Technical Specification 5.4.1, "Procedures," requires in part, that written procedures and instructions be established, implemented, and maintained covering the applicable procedures recommended in Regulatory Guide 1.33, Revision 2, Appendix A, dated February 1978. Regulatory Guide 1.33, Revision 2, Appendix A, Section 4, states, in part, that instruction for energizing, filling, venting, draining, startup, shutdown, and changing modes of operation should be prepared as appropriate for shutdown cooling and reactor vessel head spray system. Further, procedure NOP-OP-1002, "Conduct of Operations," requires operators to control plant evolutions in accordance with approved and up-to-date procedures, clearances, and other documents as appropriate to maintain proper configuration control and reduce the potential for operational events.
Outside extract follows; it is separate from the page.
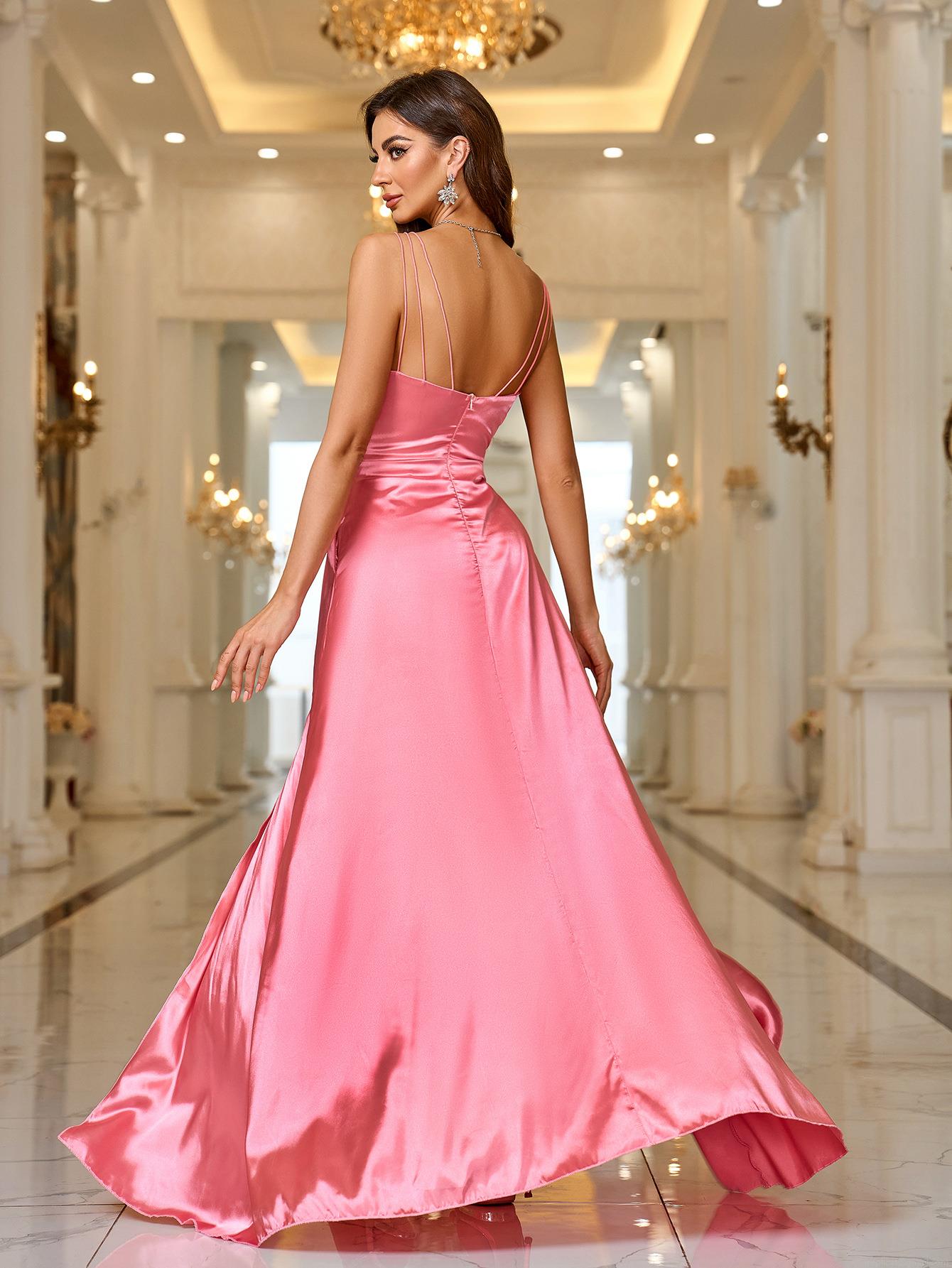 Elegant Pink Polyester Satin Spaghetti Strap Evening Dress High Slit Square Neck Pockets Floor Length Maxi Prom Gown For Women Wedding Party Bridesmaid

Contrary to these requirements, on January 24, 2016, while performing a reactor system shutdown during the downshifting of reactor recirculation pumps, the licensee failed to take action to prevent a loss of safety function when all inservice APRMs were rendered inoperable by the operators' failure to take action prior to the shift. Following the downshift of the reactor recirculation pumps to slow speed, the licensee took immediate actions to restore at least one APRM in each channel to an operable status and exited the condition. Further actions were taken to strengthen procedural guidance so that future evolutions will not result in a similar occurrence. The issue was entered into the licensee's CAP as CR 2016-01058. Because this violation was of very low safety significance and it was entered into the licensee's CAP, this violation is being treated as an NCV, consistent with Section 2.3.2.a of the NRC Enforcement Policy. (NCV 05000440/2016001-03, Failure to Take Actions to Prevent a Loss of Safety Function during Reactor Recirculation Pump Downshift)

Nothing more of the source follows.